Exercise data Start Marker
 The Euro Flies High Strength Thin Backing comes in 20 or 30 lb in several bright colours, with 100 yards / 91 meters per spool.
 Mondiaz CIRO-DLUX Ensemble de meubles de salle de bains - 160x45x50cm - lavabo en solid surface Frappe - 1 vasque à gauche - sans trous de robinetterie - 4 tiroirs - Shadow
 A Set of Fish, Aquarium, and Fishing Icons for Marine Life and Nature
Exercise data End Marker
Exercise data Start Marker
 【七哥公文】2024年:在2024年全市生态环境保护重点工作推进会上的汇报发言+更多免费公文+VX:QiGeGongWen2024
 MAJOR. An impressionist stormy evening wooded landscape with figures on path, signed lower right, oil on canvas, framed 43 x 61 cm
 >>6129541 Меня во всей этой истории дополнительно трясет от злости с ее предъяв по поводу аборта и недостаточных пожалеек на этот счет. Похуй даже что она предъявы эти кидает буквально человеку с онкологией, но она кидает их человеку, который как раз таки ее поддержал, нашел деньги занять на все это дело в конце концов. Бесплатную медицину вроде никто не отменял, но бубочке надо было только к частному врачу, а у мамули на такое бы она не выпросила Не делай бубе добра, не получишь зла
Exercise data End Marker
▸ Exercise prompt
All that is wanted is the stretch of lines above from the one containing "The Euro Flies" through the one containing "Mondiaz CIRO-DLUX Ensemble", duplicated exactly.

▸ Answer box
 The Euro Flies High Strength Thin Backing comes in 20 or 30 lb in several bright colours, with 100 yards / 91 meters per spool.
 Mondiaz CIRO-DLUX Ensemble de meubles de salle de bains - 160x45x50cm - lavabo en solid surface Frappe - 1 vasque à gauche - sans trous de robinetterie - 4 tiroirs - Shadow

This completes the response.